Investors could face €500m losses on EMPG

IRISH investors could face losses of close to €500 million as the Education Media & Publishing Group (EMPG), controlled by Barry O’Callaghan, faces a major restructuring of its $7bn-plus crippling debt.

Investors could face €500m losses on EMPG

Private investors who sank an estimated €240m into the group have been informed by Davy Stockbrokers that their money has been wiped out, it is understood. Davy did not return our calls.

It is also reckoned O’Callaghan may face losses of up to €250m in the restructuring.

It is feared that Irish shareholders would lose all of their investments as a result of the debt crisis threatening its survival.

“Many of these investors were funded through large loans from Anglo Irish Bank, which is now wholly owned by Irish taxpayers,” said Fine Gael TD George Lee.

He said he knew of one investor who had been told that his €1m investment was gone, he said.

He also raised doubts about the prospects of some of the 450 jobs announced in September 2008 by an EMPG subsidiary to deliver e-learning R&D development programmes in south Dublin.

This is a €350m investment and Enterprise Ireland allocated the “largest grant” in its history to support it. An EI spokesman said the project was on schedule.

The group, formerly known as Riverdeep, publishes a range of educational products.
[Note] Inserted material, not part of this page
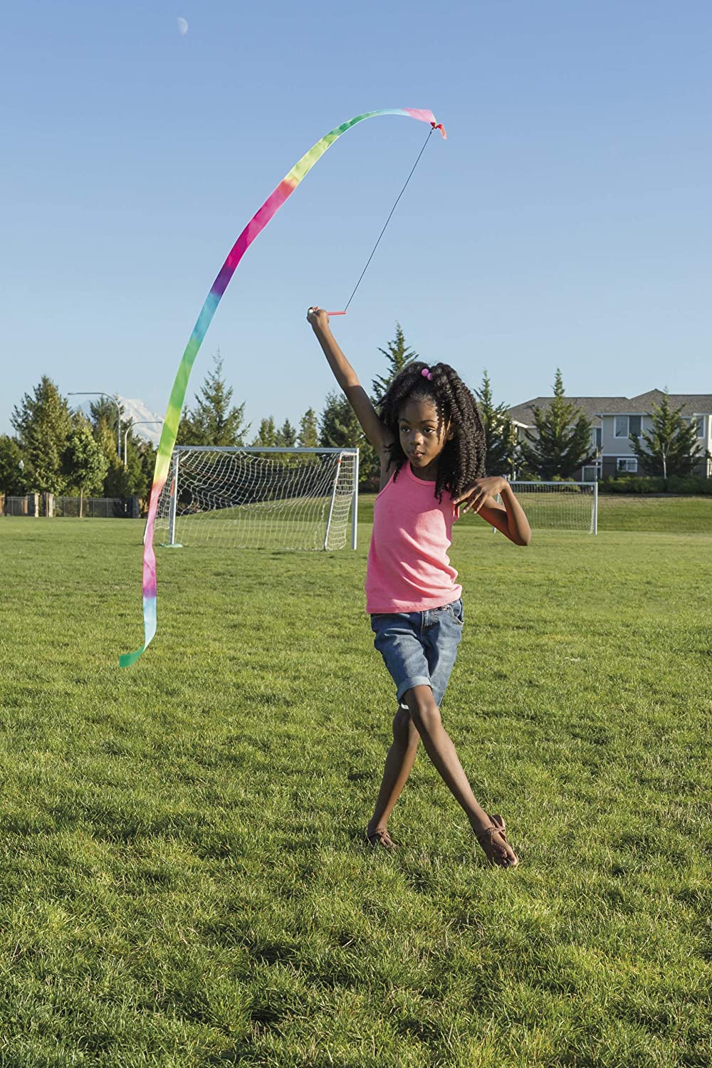 Pull the control cord to make different size loops and spirals. The Rainbow Stunt Streamer creates colorful patterns as kids twirl it. Age 5+

It confirmed last night that the restructuring talks were underway.

Led by the 39-year-old O’Callaghan, a former banker from Cork, EMPG owns Houghton Mifflin Harcourt, a major US educational publisher.

The group said: “We are in advanced discussions regarding a comprehensive, consensual balance sheet restructuring.”

Certain lenders have committed to “make substantial new investments in the company in connection with this restructuring”, the statement said.

“The plan will enhance liquidity and the company expects to have over $600m of new working capital to support growth initiatives,” it said.

Last night the company put a brave face on the deal saying it was business as usual for the group.

“These developments have no adverse effect on our day-to-day operations, on our employees, or on the nature and quality of the services we provide to our customers and business partners,” it said.

Barry O’Callaghan and the senior management team will continue to lead the company following the implementation of the restructuring plan.

The company said it would continue to honour the terms of the Enterprise Ireland contract.